_TASK_
Could you repeat all of the entries below word for word, apart from the pictures?

(Collected data entries)
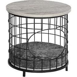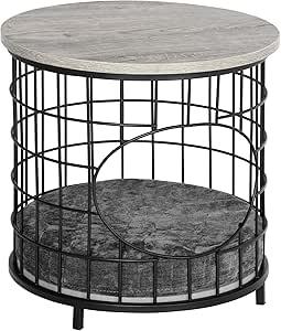 Ce panier pour chat table basse 2 en 1 style industriel cosy fourni avec un coussin amovible permettra à votre chat de se reposer en toute tranquillité. Son plateau rond en panneaux de particules aspect bois gris pourra faire office de petite table basse d'appoint idéale pour déposer un ou 2 verres,
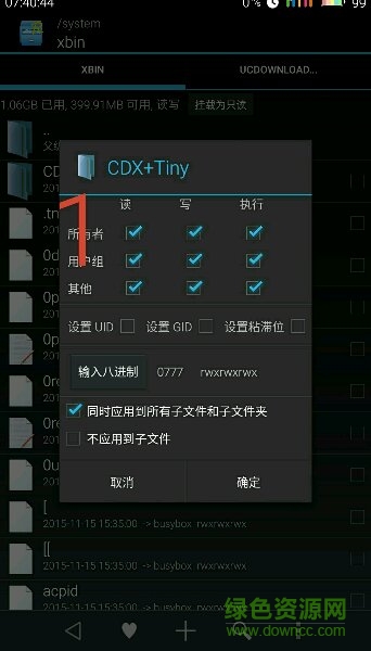 下載cdx+tiny整合版,解壓。把解壓后的CDX+Tiny文件夾復(fù)制到system/xbin,然后權(quán)限全滿,(同時應(yīng)用到子文件和文件夾,不懂的看圖1)
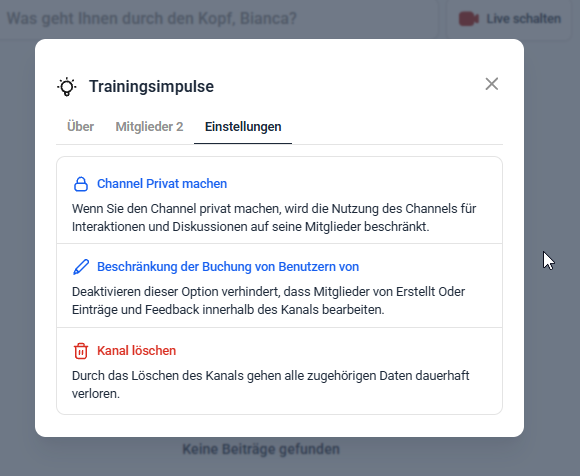 Mitglieder können je nach Channel dort posten und diskutieren.
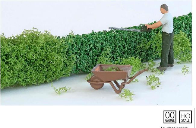 This useful pack by Busch provides a fast way to create a cameo scene that is rarely modelled: the garden hedge has started to look a bit messy, so the local gardener has been engaged to trim it. The pack includes an 11cm length of partially cut hedge, plus leaf debris.
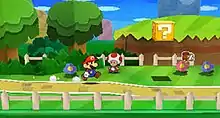 A major facet of Sticker Star's gameplay is the use of collectible stickers, which are used to gain abilities to progress through the game.[7] The player collects stickers that are found and peeled off from various areas in the environment.[7] Additionally, the player can purchase stickers using coins or receive them from non-playable characters (NPC).[8] The player has limited inventory space, with larger stickers taking up more room.[9] Stickers are used both in combat and for interacting with the environment.[10] The player can enter a state called "Paperization", which will lay the screen down flat to reveal additional secrets not visible regularly.[11] Real-world objects can be found, known in-game as "Things", such as baseball bats and scissors, that can be turned into special types of stickers called "Thing Stickers",[12] which are often needed to solve puzzles in the overworld.[10] For example, a Fan Thing Sticker can be placed in strategic areas in the environment and, when activated, creates wind that moves or destroys obstacles.[13]
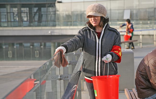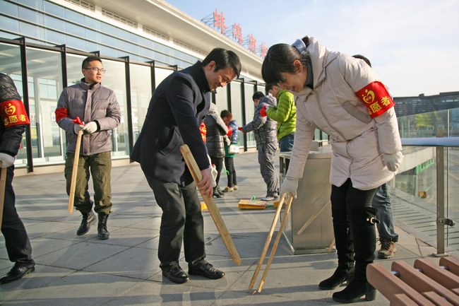志愿者分成两组。环境卫生组负责擦洗护栏、清扫路面等保洁服务。文明交通服务组负责为旅客指路、文明交通劝导服务。通过志愿者辛勤劳动,高铁南站广场环境卫生更加洁净,行人车辆通行有序,高铁南站作为我市的城市客厅更加亮丽。
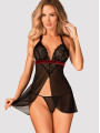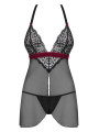 Das Obsessive Rossita Babydoll ist ein raffiniertes Stück Damen-Dessous, entworfen, um Ihre natürlichen Kurven zu betonen. Dieses schwarze Stück besticht durch transparenten Mesh-Stoff gepaart mit elegantem burgunderrotem Samtbesatz und floralen Spitzen-Cups. Es bietet eine bequeme Neckholder-Passform und macht dieses Set zur perfekten Wahl für romantische Abende.
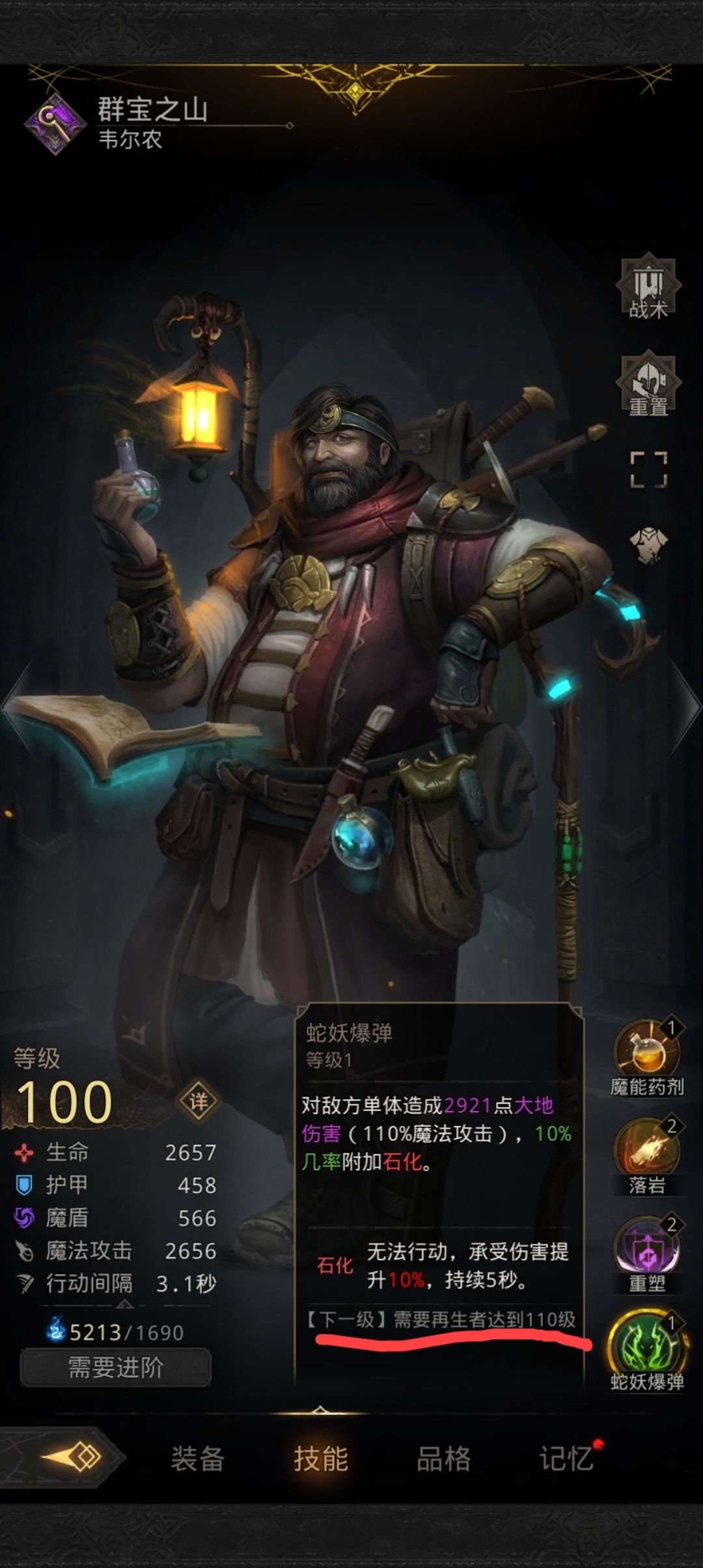 1.群宝必不可少,装备4+70,最好4+100,不强求。技能只开石化。
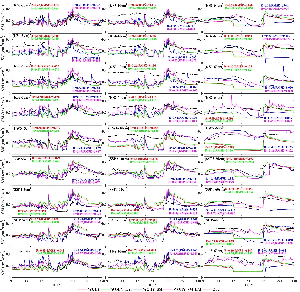圖2同化估算的根區土壤水分與站點觀測時序數據對比分析
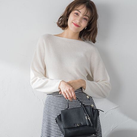 首元は抜け感のあるボートネックで春先にも1枚で着れるニットです。
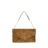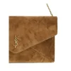 The Cassandre Shoulder Bag by Saint Laurent is an extra-large suede clutch with a sleek and contemporary design. Featuring a stowable cable chain and metallic CASSANDRE decoration, it can be worn on the shoulder or carried by hand for sophisticated versatility. Bronze-colored metal hardware adds a vintage touch, while the cotton-lined interior features a zippered pocket. The snap-button closure completes the design with practicality and style.
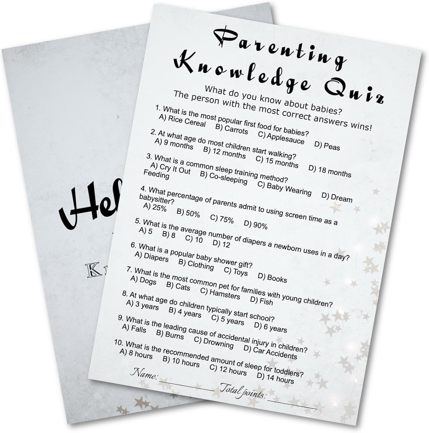 Baby Shower Parenting Knowledge Trivia Game Cards - 30 Players Minimalist Party Game Light Gray Stars Ready to Play Instant Fun Answer Keys Included 5x7 Inch (Knowledge Quiz)
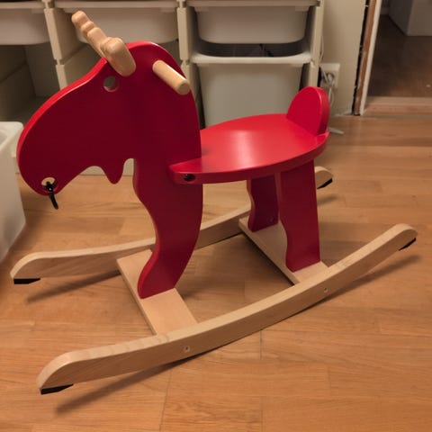 IKEA Ekorre gyngehest i rød farge laget av tre. Designet for barn, denne gyngehesten gir stabil lek og moro. Passer perfekt til barnerommet.

_SOLUTION TO THE PROBLEM_
 Ce panier pour chat table basse 2 en 1 style industriel cosy fourni avec un coussin amovible permettra à votre chat de se reposer en toute tranquillité. Son plateau rond en panneaux de particules aspect bois gris pourra faire office de petite table basse d'appoint idéale pour déposer un ou 2 verres,
 下載cdx+tiny整合版,解壓。把解壓后的CDX+Tiny文件夾復(fù)制到system/xbin,然后權(quán)限全滿,(同時應(yīng)用到子文件和文件夾,不懂的看圖1)
 Mitglieder können je nach Channel dort posten und diskutieren.
 This useful pack by Busch provides a fast way to create a cameo scene that is rarely modelled: the garden hedge has started to look a bit messy, so the local gardener has been engaged to trim it. The pack includes an 11cm length of partially cut hedge, plus leaf debris.
 A major facet of Sticker Star's gameplay is the use of collectible stickers, which are used to gain abilities to progress through the game.[7] The player collects stickers that are found and peeled off from various areas in the environment.[7] Additionally, the player can purchase stickers using coins or receive them from non-playable characters (NPC).[8] The player has limited inventory space, with larger stickers taking up more room.[9] Stickers are used both in combat and for interacting with the environment.[10] The player can enter a state called "Paperization", which will lay the screen down flat to reveal additional secrets not visible regularly.[11] Real-world objects can be found, known in-game as "Things", such as baseball bats and scissors, that can be turned into special types of stickers called "Thing Stickers",[12] which are often needed to solve puzzles in the overworld.[10] For example, a Fan Thing Sticker can be placed in strategic areas in the environment and, when activated, creates wind that moves or destroys obstacles.[13]
志愿者分成两组。环境卫生组负责擦洗护栏、清扫路面等保洁服务。文明交通服务组负责为旅客指路、文明交通劝导服务。通过志愿者辛勤劳动,高铁南站广场环境卫生更加洁净,行人车辆通行有序,高铁南站作为我市的城市客厅更加亮丽。
 Das Obsessive Rossita Babydoll ist ein raffiniertes Stück Damen-Dessous, entworfen, um Ihre natürlichen Kurven zu betonen. Dieses schwarze Stück besticht durch transparenten Mesh-Stoff gepaart mit elegantem burgunderrotem Samtbesatz und floralen Spitzen-Cups. Es bietet eine bequeme Neckholder-Passform und macht dieses Set zur perfekten Wahl für romantische Abende.
 1.群宝必不可少,装备4+70,最好4+100,不强求。技能只开石化。
圖2同化估算的根區土壤水分與站點觀測時序數據對比分析
 首元は抜け感のあるボートネックで春先にも1枚で着れるニットです。
 The Cassandre Shoulder Bag by Saint Laurent is an extra-large suede clutch with a sleek and contemporary design. Featuring a stowable cable chain and metallic CASSANDRE decoration, it can be worn on the shoulder or carried by hand for sophisticated versatility. Bronze-colored metal hardware adds a vintage touch, while the cotton-lined interior features a zippered pocket. The snap-button closure completes the design with practicality and style.
 Baby Shower Parenting Knowledge Trivia Game Cards - 30 Players Minimalist Party Game Light Gray Stars Ready to Play Instant Fun Answer Keys Included 5x7 Inch (Knowledge Quiz)
 IKEA Ekorre gyngehest i rød farge laget av tre. Designet for barn, denne gyngehesten gir stabil lek og moro. Passer perfekt til barnerommet.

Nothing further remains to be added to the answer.